It is known that epidemiological systems can experience a bifurcation delay, which describes the transient trajectory of an epidemic as its attracting equilibrium changes. One consequence of bifurcation delays is that the time for a large outbreak to settle to its equilibrium even after crossing Rt > 1 can be considerable. Dibble et al. (2016) studied bifurcation delays for disease emergence, and Figure 4 indeed shows that it takes a while for the system to show a significant rise in cases even after Rt > 1 (see Hungary in Figure 2, for a possible example with regards to COVID-19).

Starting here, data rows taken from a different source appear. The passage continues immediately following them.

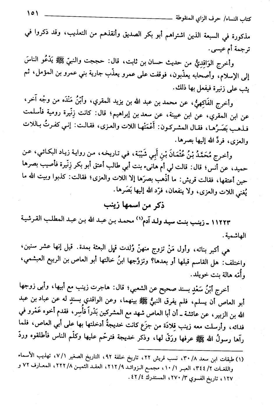 (١) طبقات ابن سعد ٨/ ٣٠، نسب قريش ٢٢، تاريخ خلفة ٩٢، التاريخ الصغير ١/ ٧، تهذيب الأسماء واللغات ٢/ ٣٤٤، العبر ١/ ١٠، مجمع الزوائد ٩/ ٢١٢، العقد الثمين ٨/ ٢٢٢، المعارف ٧٢ و ١٢٧، تاريخ الفسوي ٣/ ٢٧٠، المستدرك ٤/ ٤٢.
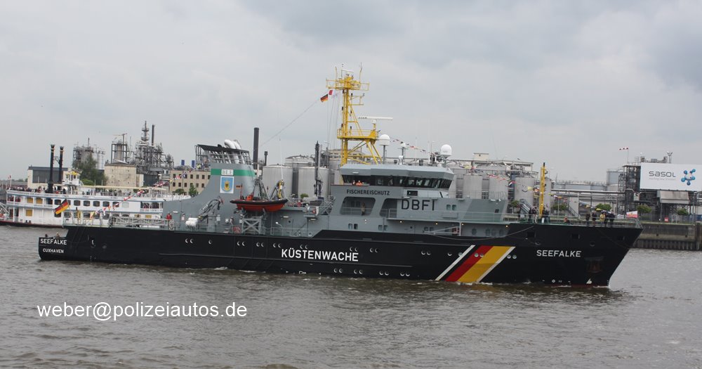 | Beschreibung: | Fischereischutzschiff Seefalke im Hamburger Hafen. Technische Daten Werft: Peene-Werft GmbH in Wolgast Baujahr: 2008 Eigner: Bundesministerium für Landwirtschaft und Ernährung (BLE) Baunummer: 559 Länge: 72,80 m Breite: 12,50 m Seitenhöhe: 6,80 m Konstruktionstiefgang: 5,00 m Antrieb: Semi-dieselelektrisch. Beide Verstellpropeller werden angetrieben über zwei Hauptmotoren des Typs MTU 20V4000 M73L und Getriebe. Die Antriebsleistung kann durch die beiden E-Fahrmotoren (twin booster operation) erhöht werden. Bei Betrieb beider Antriebssysteme wird eine Geschwindigkeit von ca. 19,7 kn erreicht. Möglich ist ein Antrieb auch nur über die E-Fahrmotoren. |
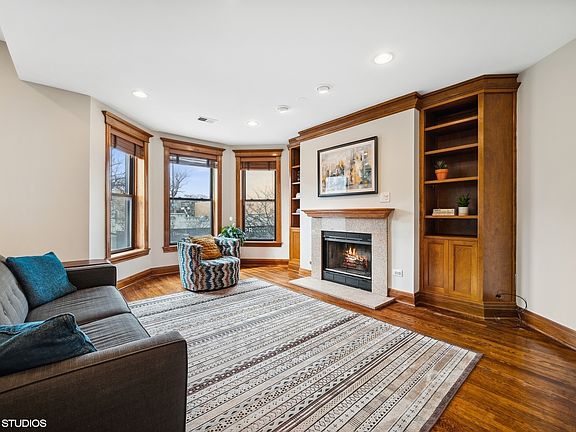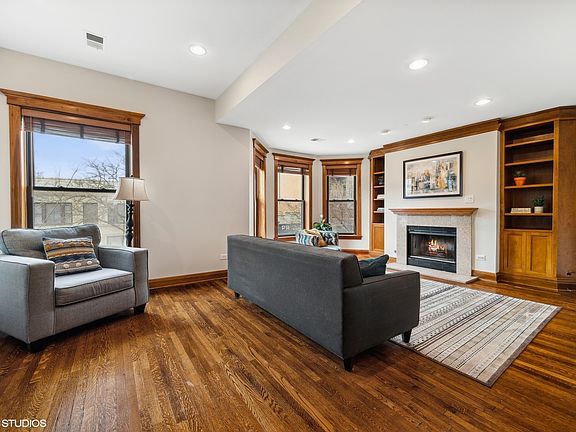 Come and see this beautiful vintage building in a perfectly situated location! Step inside a 2 bedroom, 2 bathroom unit complete with hardwood floors, separate dining room off the kitchen, updated kitchen with 42inch cabinets, granite and stainless appliances. Expansive living room with a fireplace and lots of windows. Two generous bedrooms. Laundry in unit. Central AC and heat. Leased parking available in the rear of the building. Shared deck space perfect for entertaining during the summer. A quick and easy walk to the El, Wrigley Field, the lake, and much more!
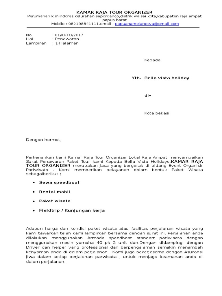 Contoh surat penawaran paket wisata. Contoh surat penawaran semakin hari persaingan bisnis semakin ketat. Academiaedu is a platform for academics to share research papers. Untuk mendapatkanna silahkan anda download contoh surat ini dalam versi word document melalui tombol download di bagian bawah. Raya wangi teh melati km. Indonesia happy travel email. Rasanya bahakan tidak cukup hanya dengan memasang iklan di tempat tempat strategis surat kabar.
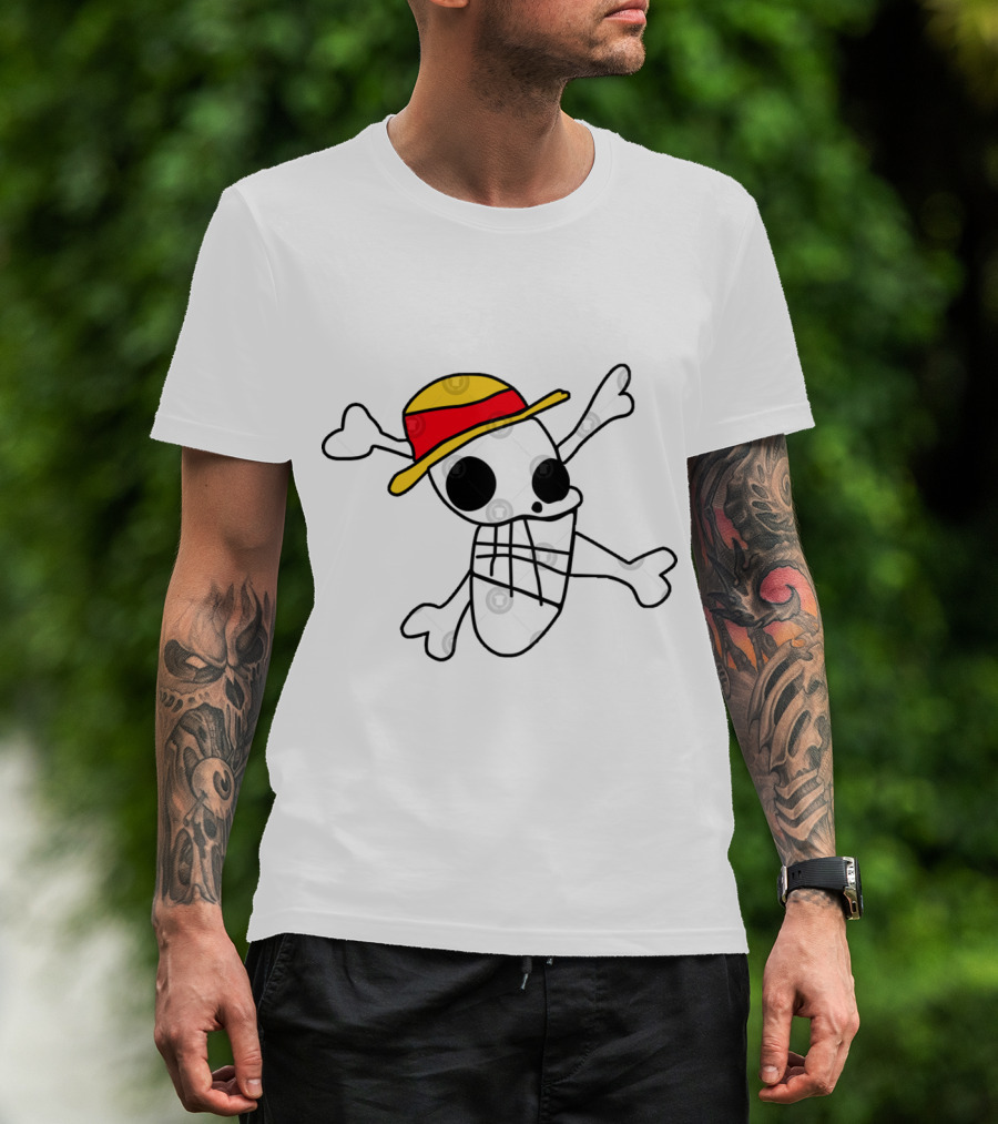 The Iwaras Flag Straw Hat Skull Crossbones T-shirt is designed for everyday wear and a consistent fit. Fabric is pre-shrunk ring-spun cotton with durable stitching. See the size chart below for exact measurements.

As can be seen in Figure 4, a bifurcation delay also occurs for disease elimination. In particular, for Rt < 1 the disease is not endemic and the stable equilibrium consists of a number of new cases that depends on the rate of at which cases are imported. There is, however, a substantial delay between the point at which Rt < 1 for the first time and a low number of newly reported cases. This means that early warning indicators computed immediately from the period after Rt first declines to less than 1, are tracking a transient far from equilibrium and thus do not provide information about the return rate to equilibrium from small perturbations, i.e. the phenomenon of critical slowing down.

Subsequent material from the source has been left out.